Fig. 6. — Effect of aldosterone on STE20/SPS-1-related proline/alanine-rich kinase (SPAK) and oxidative stress-responsive 1 (OSR1) phosphorylation. mDCT15 cells were grown to confluence, then treated with 100 nM aldosterone (A) for 24 h before lysis and immunoblotting for phospho-SPAK/OSR1 (SPAK 373 and OSR325), total SPAK (SPAK), and total OSR1 (OSR1). A: representative immunoblot. B: densitometry for SPAK373. P < 0.05; n = 4. C: densitometry for OSR325. *P < 0.05; n = 4.
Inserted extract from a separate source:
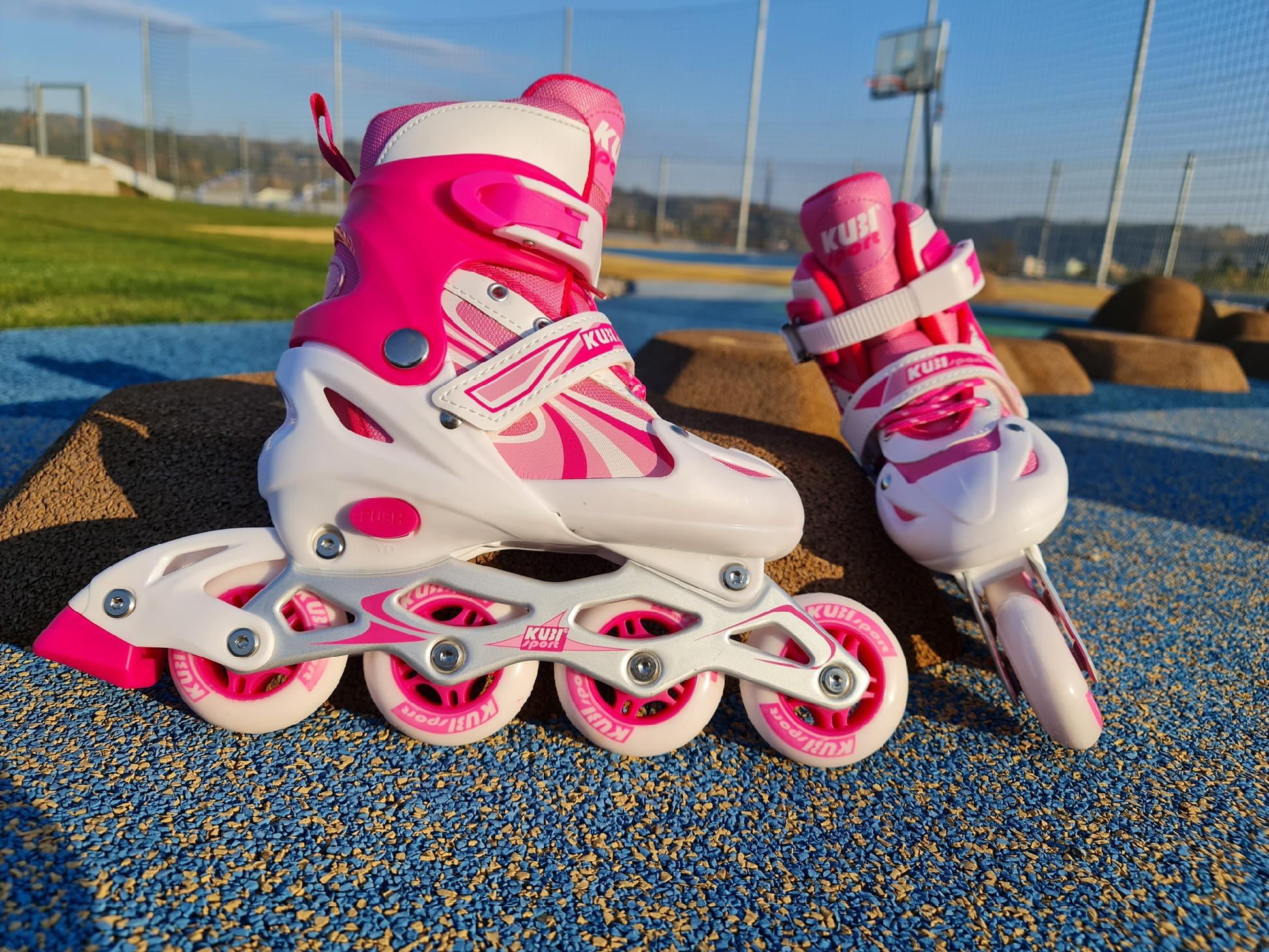 • Rolki dla Dzieci Dziecięce Regulowane Różowe Solidne KUBISPORT r. 39-42

Given that SPAK expression predominates over OSR1 in our model, SPAK protein expression was decreased via RNA interference to assess whether signaling via SPAK plays a crucial role in NCC phosphorylation and activation. RNA interference resulted in a 68 ± 7% decrease in SPAK protein expression compared with nontargeting controls as measured by Western blotting and densitometry (Fig. 7A, n = 3, P < 0.05). Specificity of RNA interference for SPAK was confirmed via immunoblotting for OSR1, and OSR1 protein expression was unaffected in these cells (Fig. 7A). Gene knockdown of SPAK decreased baseline NCC activity in these cells by 36 ± 3% compared with control (Fig. 7B, n = 4, P < 0.01). Stimulation of these SPAK knockdown cells with aldosterone had virtually no effect on NCC activity (6 ± 3% increase after 24-h aldosterone treatment in short hairpin RNA SPAK groups vs. 52 ± 5% increase after aldosterone treatment in control groups, n = 4, P < 0.01). This provides clear evidence that aldosterone acutely increases NCC activity without changing NCC abundance or distribution via a pathway involving SPAK phosphorylation.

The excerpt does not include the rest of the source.